At the time, the fruit farmers excoriated Morrison’s plan. Under the proposal, the unemployed would be shepherded out of their homes and their communities under the threat of having their benefits cut. Whether this plan is dead, or not, is largely irrelevant, as it points to a larger pattern. Clearly, the Coalition loves a deterrent, one formed on the assumption that those who are unemployed are unemployed by choice.

“35% of the Federal Budget,” said Joe Hockey back in 2014, claiming we spent more on welfare than “on any other single policy area including health, education or defence”. It actually turned out to be 19.5%, which made us the 25th out of 30 OCED nations. In a 2018 measure by the same institution, our welfare spending shrank from 23.5% in 2015 to 17.8% of our GDP.

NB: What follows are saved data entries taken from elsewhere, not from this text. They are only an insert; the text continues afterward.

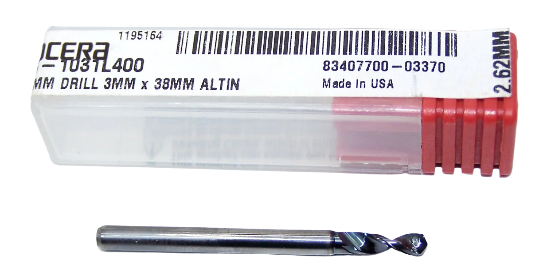 226-1031L400 Kyocera 2.62mm Carbide 2 Flute Drill PCB Type ALTiN Coated 0.1031" Diameter 0.400" Flute 1.5" Length 0.1181" Shank 130° Point
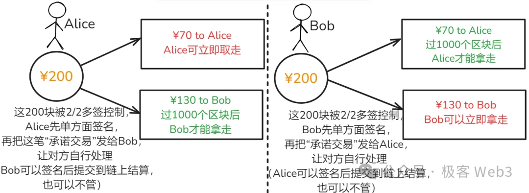 前面我们解释过, 每笔承诺交易都要2/2多签才能生效, Bob本地构造的、对自己有利的承诺交易不满足2/2多签,而满足2/2多签的承诺交易扣在Alice手上,Bob没法提交,只能由Alice提交,这就形成了制衡。反过来也是类似的道理。
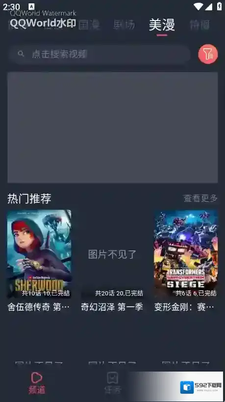 2、频道页面包含了很多的动漫资源,日漫、国漫以及韩漫等都有。
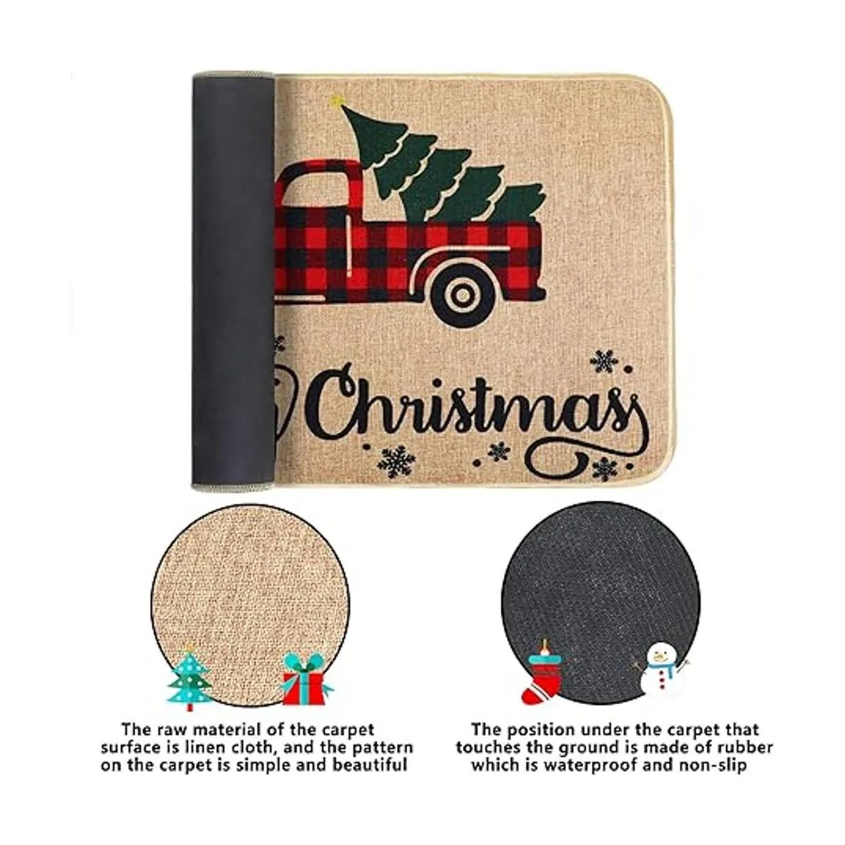 Diseño de temática navideña: nuestro felpudo de Navidad está diseñado con una imagen temática navideña: coche rojo, que te ayudará a aumentar el ambiente festivo, decoraciones festivas agradables y hermosas para interiores y exteriores
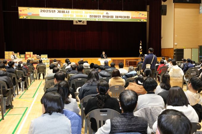 [ 중앙뉴스미디어 ] 계룡시는 23일 계룡시민체육관에서 장애인 체육 종목단체 선수, 임원 등 250여 명이 참석한 가운데 ‘2025 장애인 체육인의 날 및 한마음 체육대회’를 성황리에 개최했다.
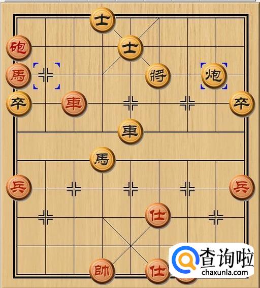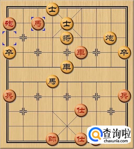 由于黑方中士的阻挡,黑方老将不能退后。于是,黑方将5平4,黑方老将向左移动一步,避开红方马的攻击。如图所示。
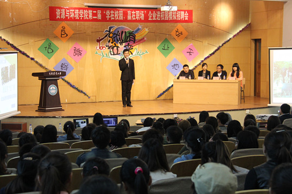 为积极引导大学生树立正确的职业观、就业观和创业观,普及大学生职业规划、创业、就业知识,充分调动学生的就业积极性,提高大学生就业能力,全面做好学生就业工作。4月29日,资源与环境学院在学校11号楼一楼报告厅举办第二届“学在校园•赢在职场”企业进校园模拟招聘会。
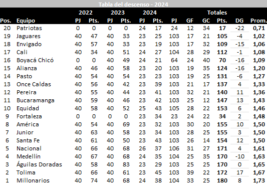 El puesto 19 y 20 son los perjudicados en la tabla del descenso, los que bajarían de categoría de cara al 2025, donde se conocerán los dos equipos que vayan a jugar el torneo colombiano.
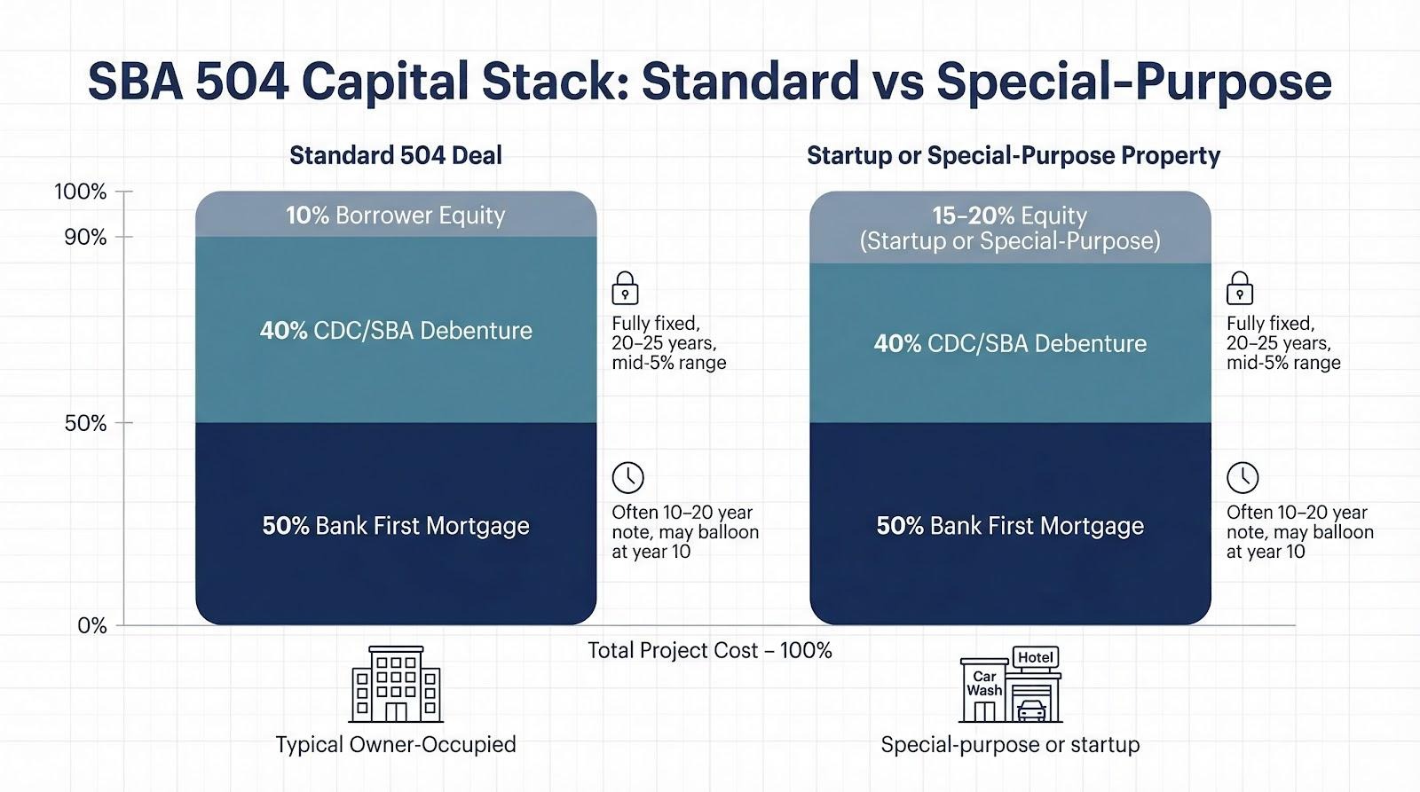 A typical 504 stack looks like this: 50 percent first mortgage from your bank, 40 percent SBA-backed debenture via a Certified Development Company (CDC), and 10 percent borrower equity. According to Legal Clarity, your cash rises to 15–20 percent for startups (< 2 years) or special-purpose properties such as hotels or car washes.
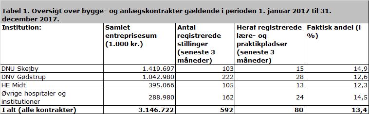 I perioden 1. januar 2017 til 31. december 2017 blev der i regionen indgået 20 nye kontrakter til en samlet kontraktsum på 341 mio. kr., som er omfattet af kravene om lære- og praktikpladser.
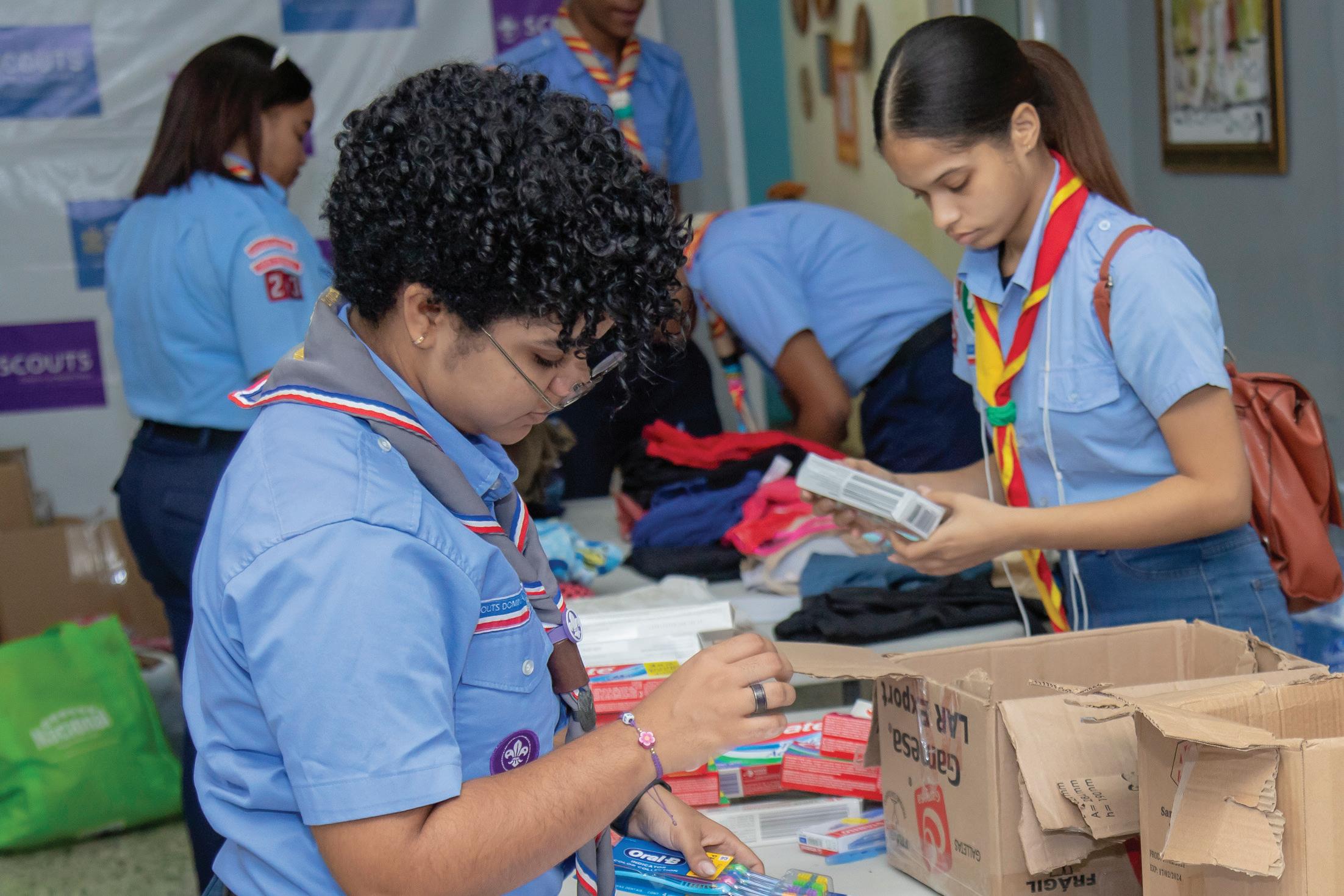 Scouts Dominicanos en acción humanitaria como respuesta al Huracán Fiona.
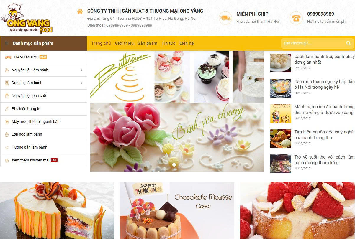 Điểm nổi bật đầu tiên của mẫu giao diện website Cake chính là thiết kế hiện đại và chuyên nghiệp. Giao diện được xây dựng với màu sắc hài hòa, bố cục khoa học, phù hợp với ngành hàng bánh kẹo và nguyên liệu làm bánh.

In 2014, the Coalition instituted stricter welfare conditions that saw applicants saddled with a six-month waiting period. At the time, The Guardian revealed that “failure to attend Centrelink appointments and mandatory Jobseeker activities will see prospective welfare recipients punished with a further two-month delay to their payments. This measure will disproportionately punish job seekers in remote areas with limited access to services”.

In February of that year, the ABS noted that there were 140,000 jobs for 700,000 applicants. Despite this, Hockey explained the measures as “an incentive..and if they have to move to get a job, that’s just the way it is”. In the words of the then Federal Minister of Employment Eric Abetz in the same year, the unemployed should just “try harder”.

In May 2020, Scott Morrison uncovered the ‘JobMaker’ plan, with the Prime Minister labelling it a “plan for a new generation of economic success”.

It was later revealed that the program created 609 jobs, well short of the 450,000 it promised.

Oddly, the paltry figure is viewed as a win. As Treasury secretary Steven Kennedy put it, “the program has done its work, frankly.”